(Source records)
******
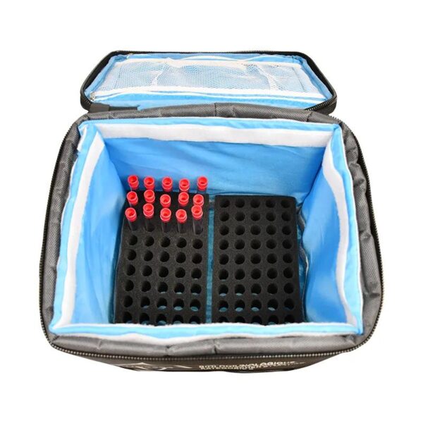 * Exterior made from waterproof ,easy-clean 1680 polyester with thickness PE foam insulation.It can keep the biological substances cool up to 6 hours,perfect for collecting samples of biological substances taken during home visits;
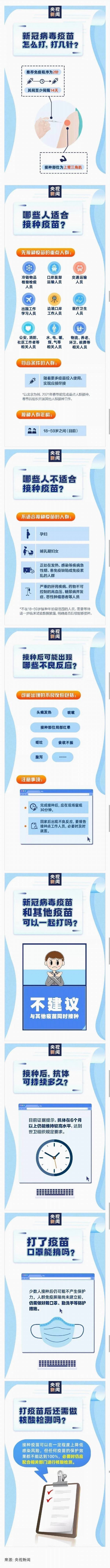 近日,我国首批新冠病毒疫苗开始对重点人群进行接种。疫苗需要打几针?适用于哪些人群?打完后能不能摘口罩?出现不良反应怎么办?今天,通过一组图,一起了解↓↓↓
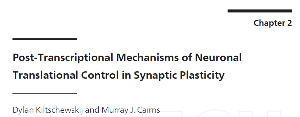 在即将出版的由 Thomas Heinbockel主导编纂的《Synaptic Plasticity》第二章,由澳大利亚纽卡斯尔大学Murray J. Cairns为通讯作者撰写完成。在该章节中,作者系统分析了与突触可塑性有关的RNA转录后翻译调控机制,其中circRNA作用通路也有所涉及。
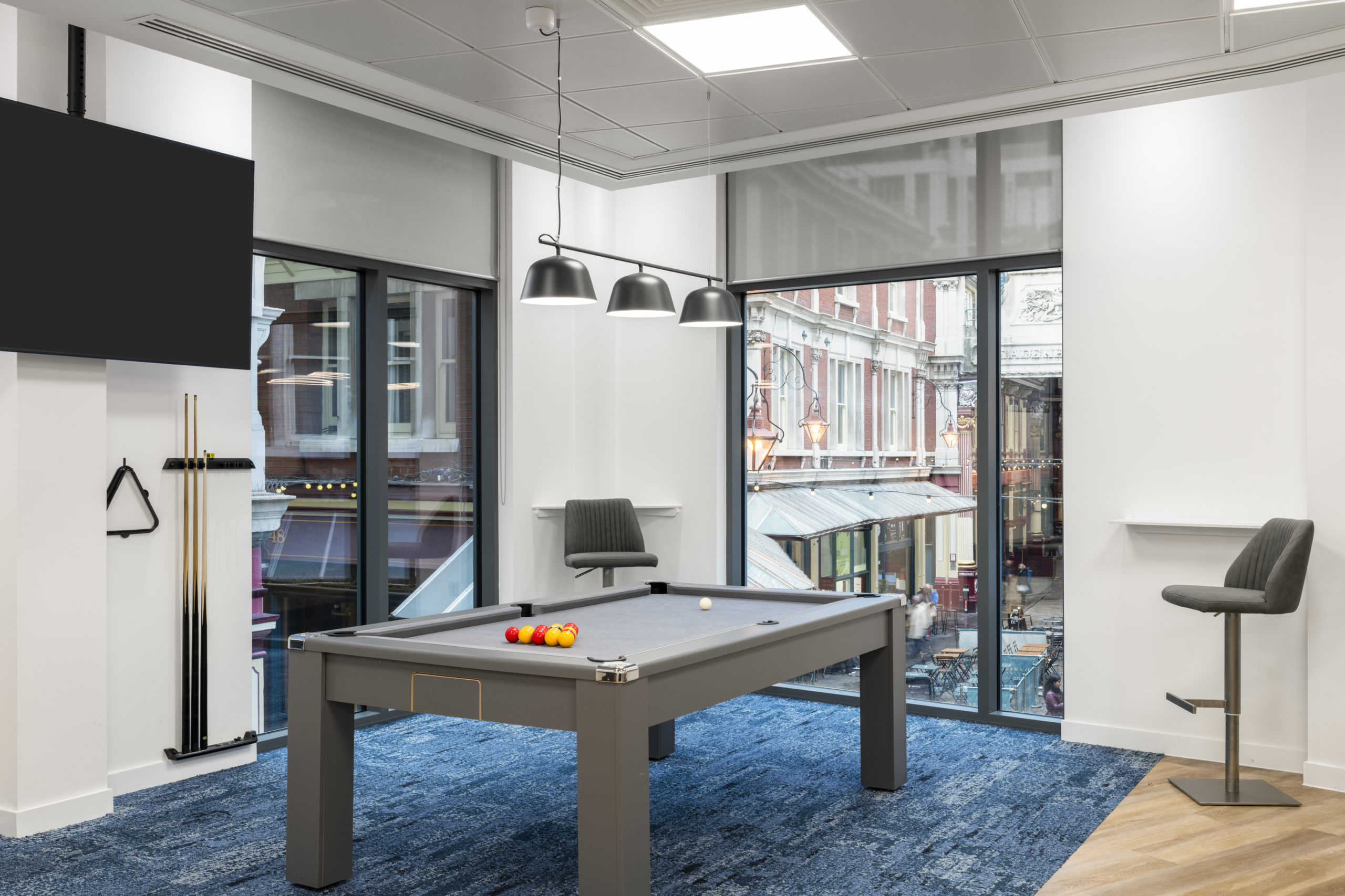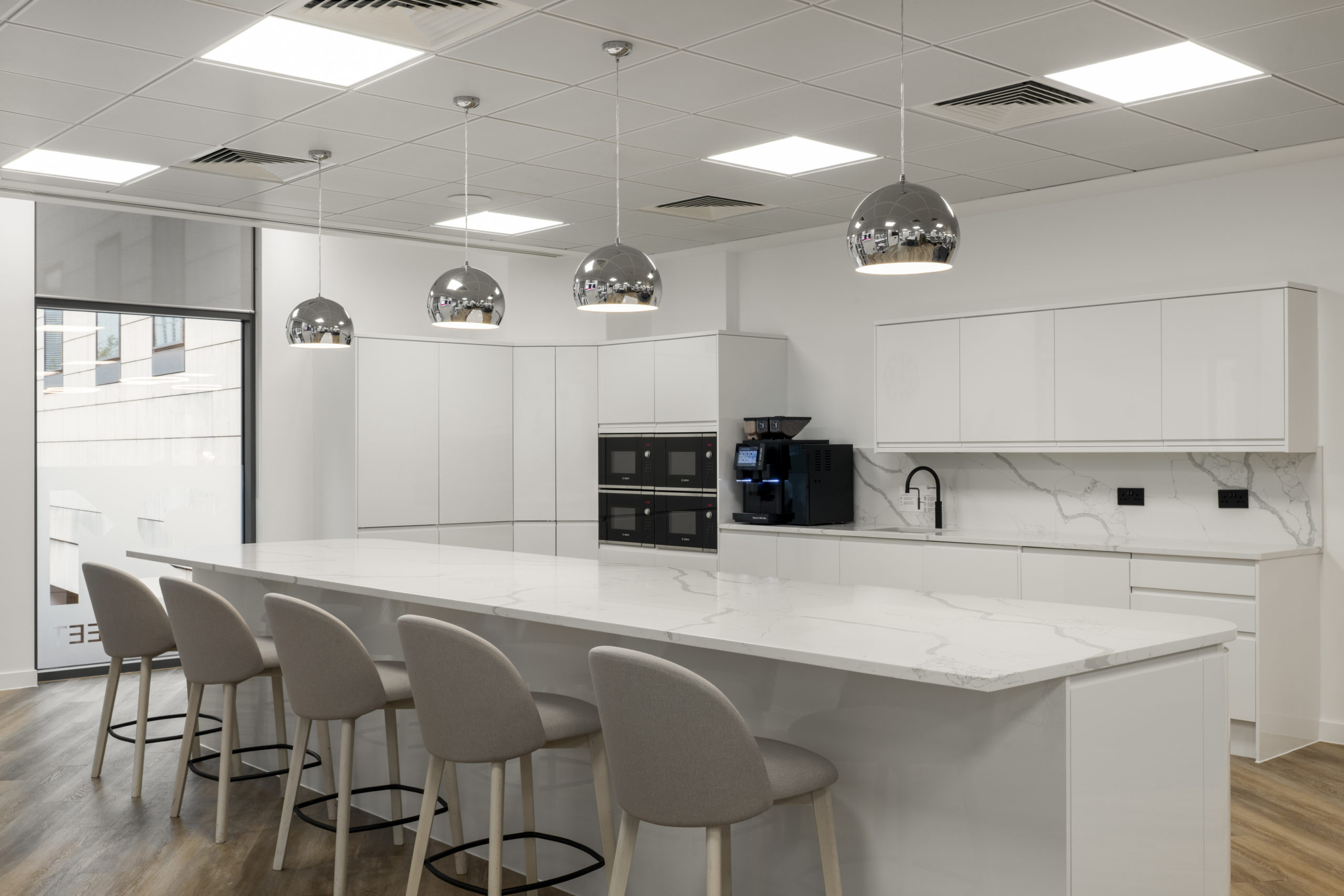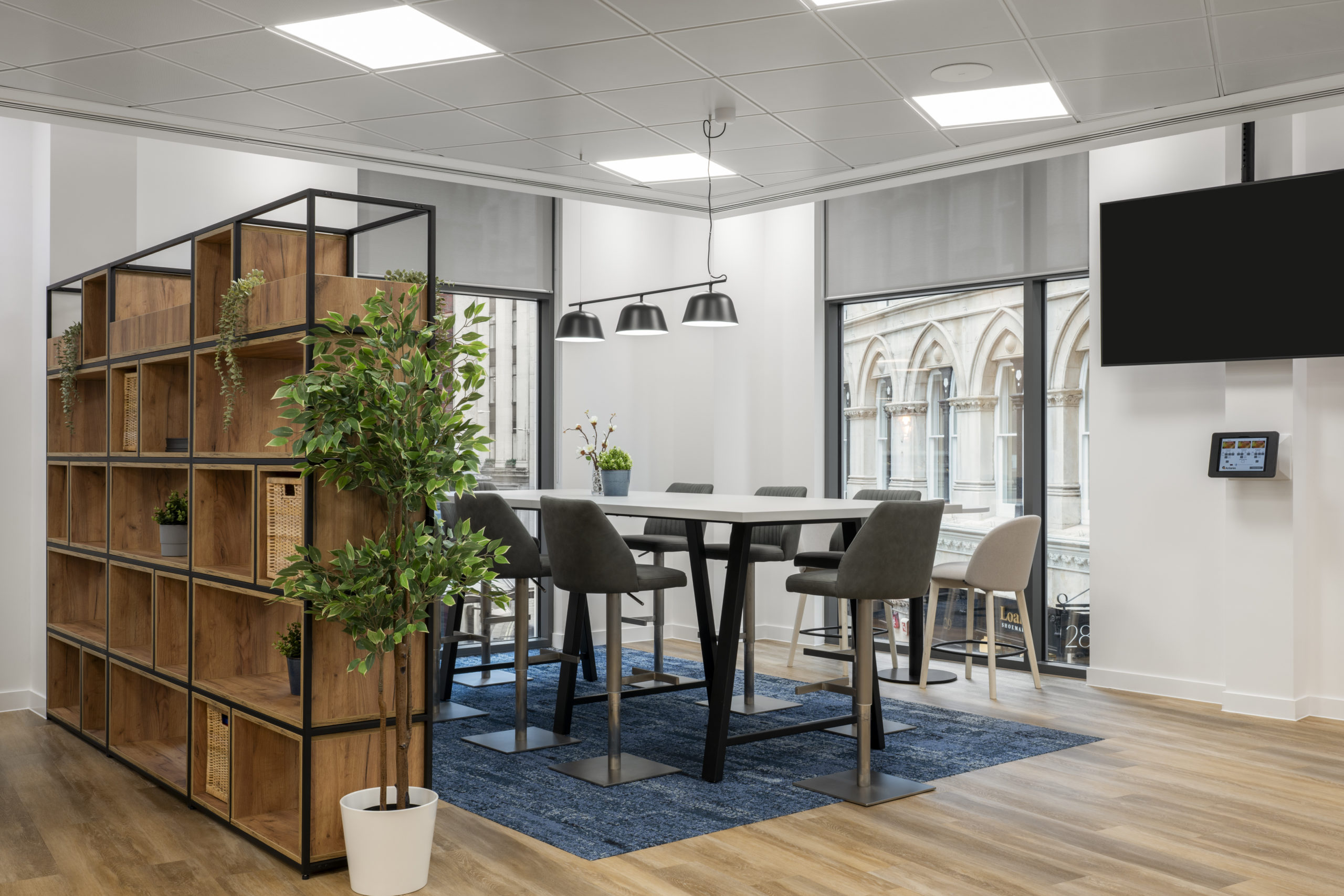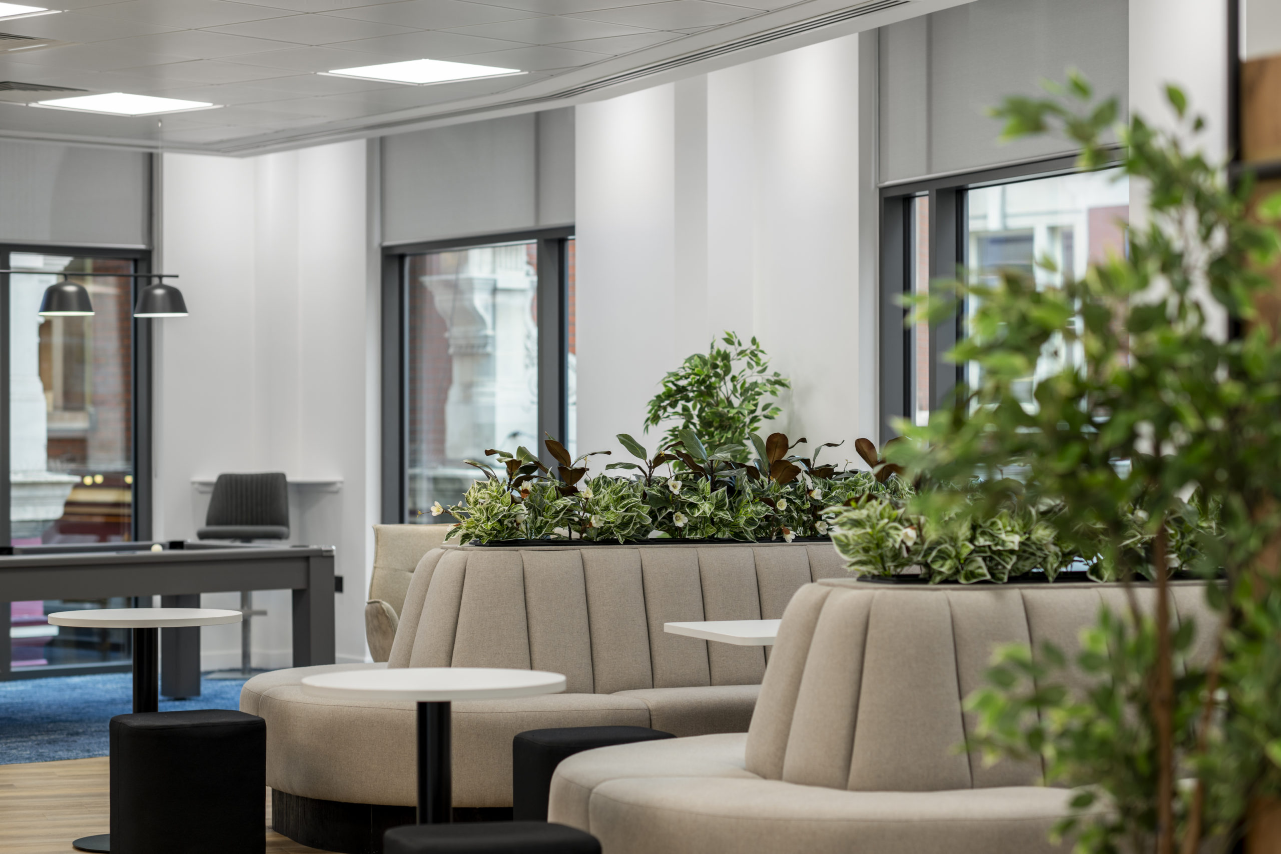 A bespoke stage formed a central architectural feature, fully integrated with lighting and technology. High-quality LVT flooring was installed throughout, complemented by a comprehensive FF&E package and bespoke joinery, including storage walls, kitchen areas and bench seating. Together, these elements create a refined, durable environment built for long-term performance.
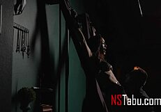 डोमिनेंट ग्रुप बंधी हुई गुलाम को दीवार स्टॉक में सार्वजनिक अपमानजनक चुदाई करता है
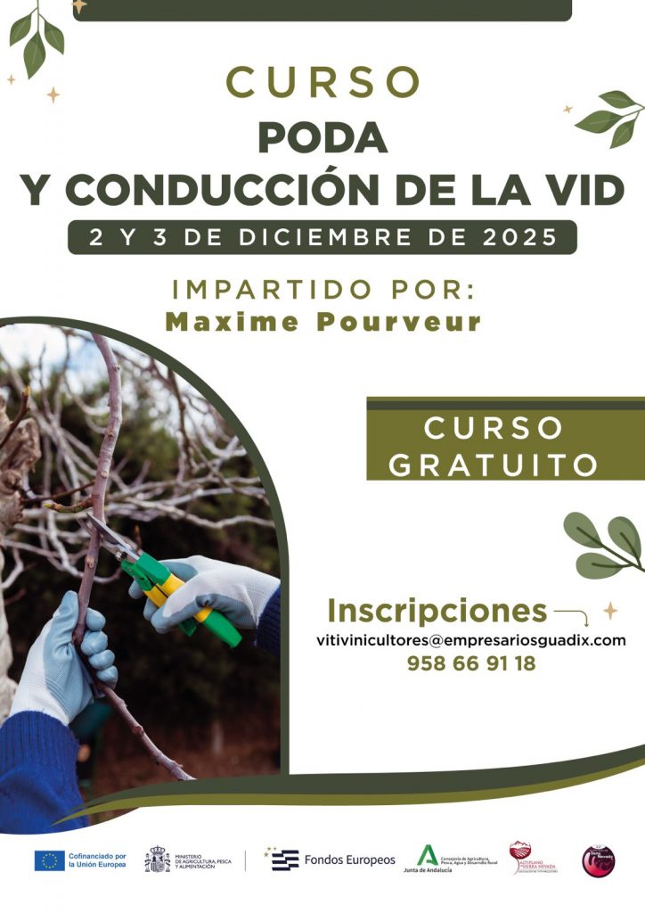 Durante 2 días, ha tenido lugar, el día 2/12/25 en Bodegas Vertijana y el día 3/12/25 en la Sede de la Asociación de Vitivinicultores Altiplano de Sierra Nevada, la realización del Curso de Poda y Conducción de la Vid, con clases prácticas por las tardes.
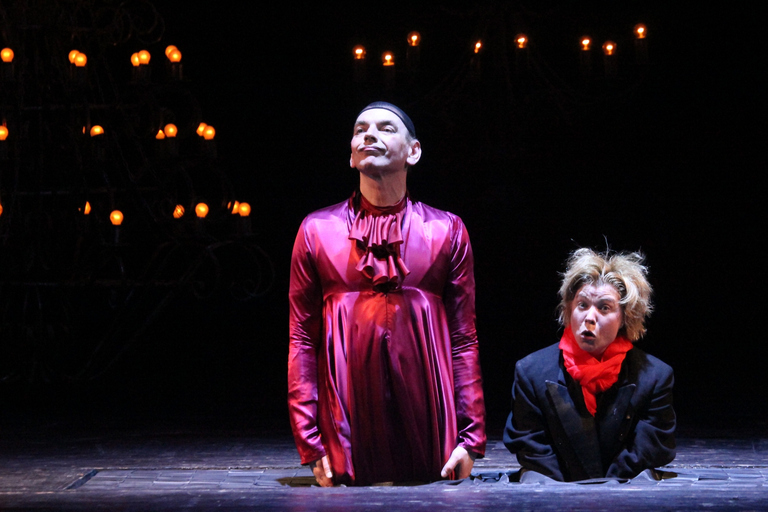 Сцена прекрасно задействована во всех ракурсах. Герои могут появляться буквально из ниоткуда, ведь в середине сцены находиться таинственное углубление, позволяющее скрывать предметы, людей и даже фрагменты декораций. Таким образом, каждое появление Оберона, приятно шокирует зрителя.
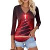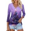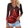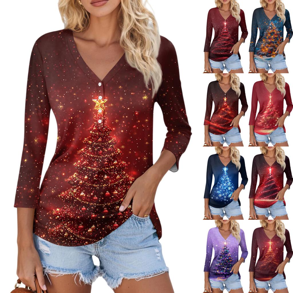 Damen Casual Mode Sexy Bequem Weihnachts-Print V-Ausschnitt Knopf Dreiviertelarm Oberteil
******
Work instruction
From the records above, copy only the lines running from the line containing "A bespoke stage" to the line containing "डोमिनेंट ग्रुप बंधी", both ends included. Leave the pictures out.

Exercise result
 A bespoke stage formed a central architectural feature, fully integrated with lighting and technology. High-quality LVT flooring was installed throughout, complemented by a comprehensive FF&E package and bespoke joinery, including storage walls, kitchen areas and bench seating. Together, these elements create a refined, durable environment built for long-term performance.
 डोमिनेंट ग्रुप बंधी हुई गुलाम को दीवार स्टॉक में सार्वजनिक अपमानजनक चुदाई करता है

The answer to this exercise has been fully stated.